**GIVEN DATA**
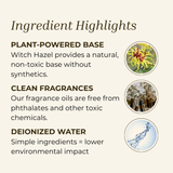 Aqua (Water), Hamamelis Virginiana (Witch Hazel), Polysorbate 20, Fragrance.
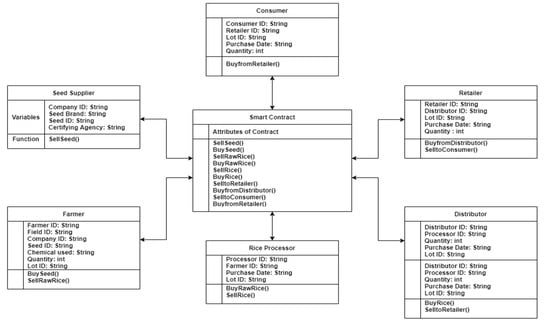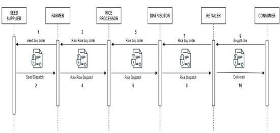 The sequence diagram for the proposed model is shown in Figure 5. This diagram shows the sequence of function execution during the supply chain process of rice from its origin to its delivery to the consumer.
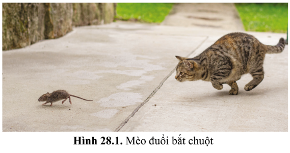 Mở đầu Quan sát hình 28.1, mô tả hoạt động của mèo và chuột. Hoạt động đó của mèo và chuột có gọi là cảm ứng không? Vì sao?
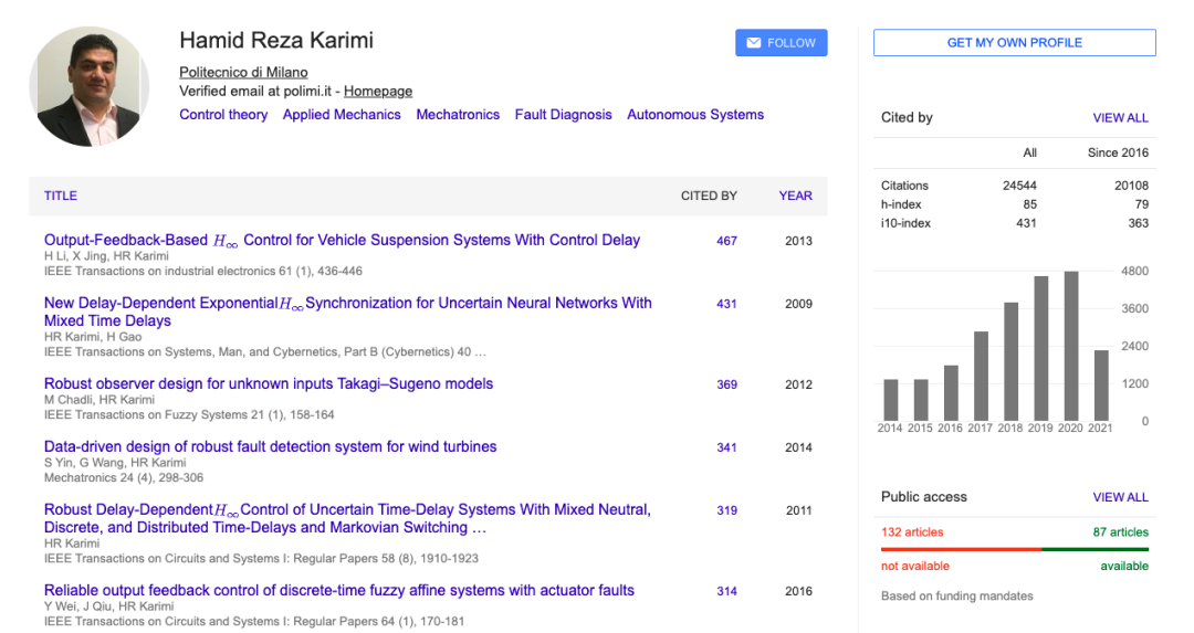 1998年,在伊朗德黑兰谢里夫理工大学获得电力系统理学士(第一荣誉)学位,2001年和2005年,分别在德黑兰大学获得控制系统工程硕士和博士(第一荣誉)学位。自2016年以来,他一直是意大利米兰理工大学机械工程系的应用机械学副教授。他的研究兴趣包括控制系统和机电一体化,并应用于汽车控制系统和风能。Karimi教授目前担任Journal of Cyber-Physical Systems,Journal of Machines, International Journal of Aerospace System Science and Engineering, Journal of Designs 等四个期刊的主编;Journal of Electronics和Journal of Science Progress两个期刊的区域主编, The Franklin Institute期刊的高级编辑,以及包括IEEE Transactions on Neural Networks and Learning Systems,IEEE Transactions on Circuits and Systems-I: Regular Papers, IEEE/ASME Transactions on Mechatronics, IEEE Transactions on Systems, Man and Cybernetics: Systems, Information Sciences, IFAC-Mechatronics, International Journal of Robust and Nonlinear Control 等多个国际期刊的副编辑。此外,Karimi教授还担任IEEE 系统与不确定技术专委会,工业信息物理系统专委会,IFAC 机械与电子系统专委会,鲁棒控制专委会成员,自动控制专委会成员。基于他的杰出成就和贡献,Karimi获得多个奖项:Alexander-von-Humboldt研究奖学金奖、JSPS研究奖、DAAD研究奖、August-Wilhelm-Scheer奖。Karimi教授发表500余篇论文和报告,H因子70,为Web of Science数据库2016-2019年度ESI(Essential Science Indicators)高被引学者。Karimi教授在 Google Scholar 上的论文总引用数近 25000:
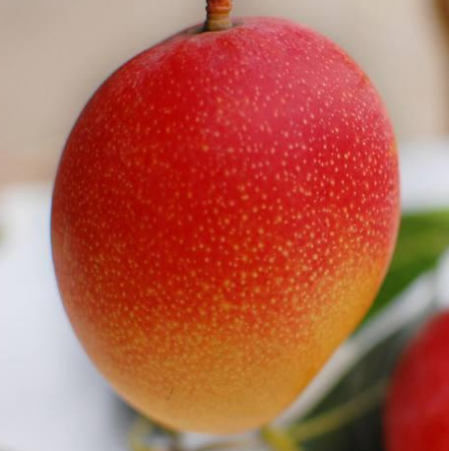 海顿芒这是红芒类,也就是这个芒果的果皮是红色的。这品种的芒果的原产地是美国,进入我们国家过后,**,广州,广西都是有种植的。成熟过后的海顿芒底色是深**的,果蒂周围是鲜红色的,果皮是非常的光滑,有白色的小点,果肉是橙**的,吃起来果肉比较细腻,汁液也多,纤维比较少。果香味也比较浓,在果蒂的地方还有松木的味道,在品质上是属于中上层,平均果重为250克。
--
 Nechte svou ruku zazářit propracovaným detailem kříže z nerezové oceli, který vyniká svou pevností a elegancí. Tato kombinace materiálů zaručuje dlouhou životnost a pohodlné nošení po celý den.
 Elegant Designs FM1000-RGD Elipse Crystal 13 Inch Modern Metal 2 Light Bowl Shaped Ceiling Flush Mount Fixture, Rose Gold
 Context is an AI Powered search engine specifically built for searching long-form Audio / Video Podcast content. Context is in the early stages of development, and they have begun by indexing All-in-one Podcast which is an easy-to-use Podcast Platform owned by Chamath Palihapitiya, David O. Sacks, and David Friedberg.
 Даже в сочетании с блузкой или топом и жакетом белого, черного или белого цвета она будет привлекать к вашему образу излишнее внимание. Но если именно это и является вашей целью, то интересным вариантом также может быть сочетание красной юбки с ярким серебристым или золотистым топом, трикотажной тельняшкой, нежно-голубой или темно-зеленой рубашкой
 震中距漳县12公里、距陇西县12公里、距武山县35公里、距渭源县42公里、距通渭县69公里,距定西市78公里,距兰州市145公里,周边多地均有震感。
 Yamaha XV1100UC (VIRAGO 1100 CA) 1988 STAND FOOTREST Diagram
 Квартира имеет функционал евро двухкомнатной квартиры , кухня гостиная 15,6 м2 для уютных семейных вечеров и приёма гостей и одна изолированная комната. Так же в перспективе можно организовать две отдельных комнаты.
--
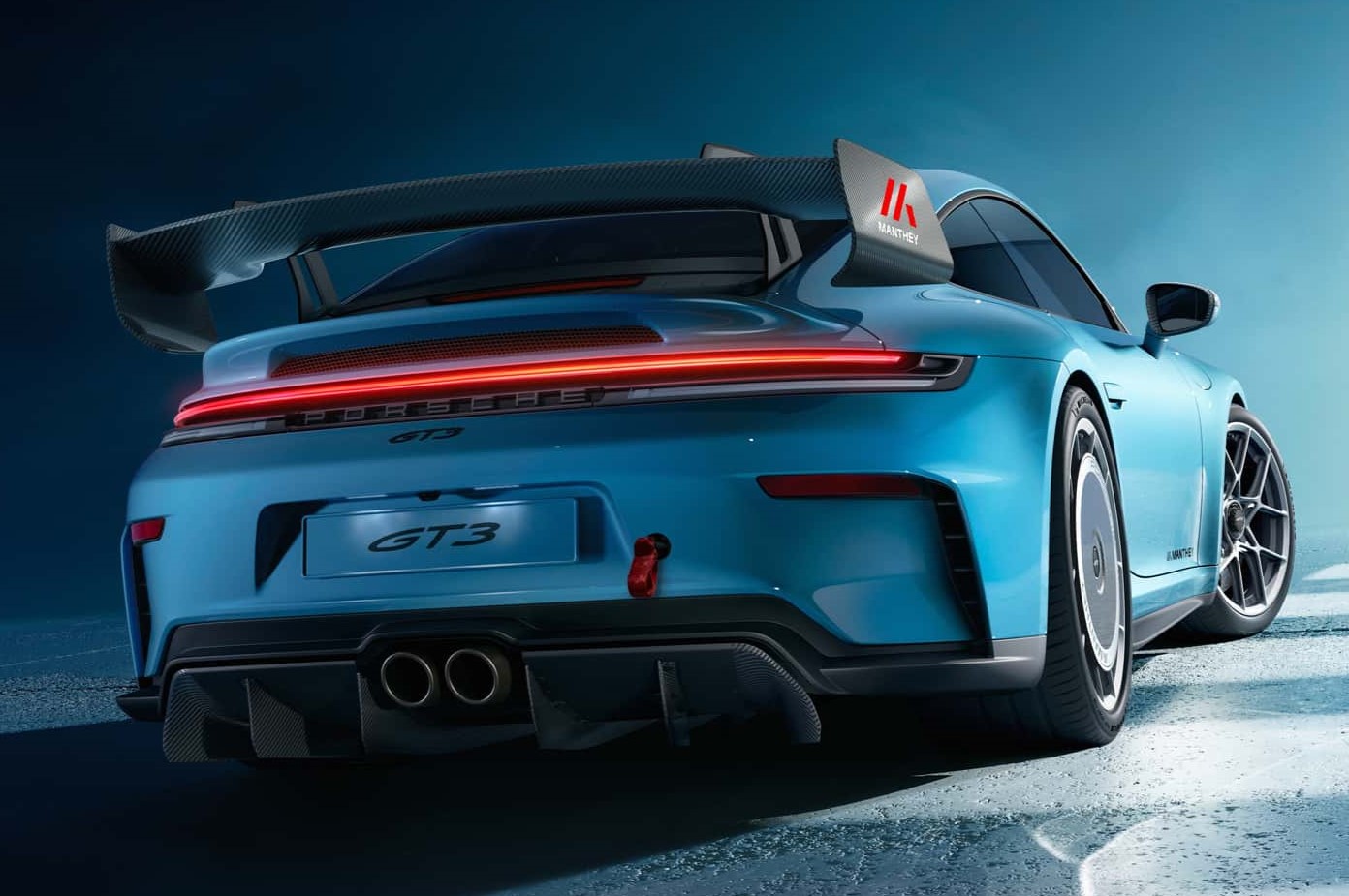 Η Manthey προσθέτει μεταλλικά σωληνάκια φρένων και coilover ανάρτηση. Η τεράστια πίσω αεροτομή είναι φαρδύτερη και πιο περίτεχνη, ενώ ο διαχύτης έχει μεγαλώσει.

**WORK ITEM**
Looking at the entries above, can you reproduce exactly the lines from the one that holds "Yamaha XV1100UC (VIRAGO" through the one that holds "Квартира имеет функционал", and only those?

**RESPONSE FOR THIS EXERCISE**
 Yamaha XV1100UC (VIRAGO 1100 CA) 1988 STAND FOOTREST Diagram
 Квартира имеет функционал евро двухкомнатной квартиры , кухня гостиная 15,6 м2 для уютных семейных вечеров и приёма гостей и одна изолированная комната. Так же в перспективе можно организовать две отдельных комнаты.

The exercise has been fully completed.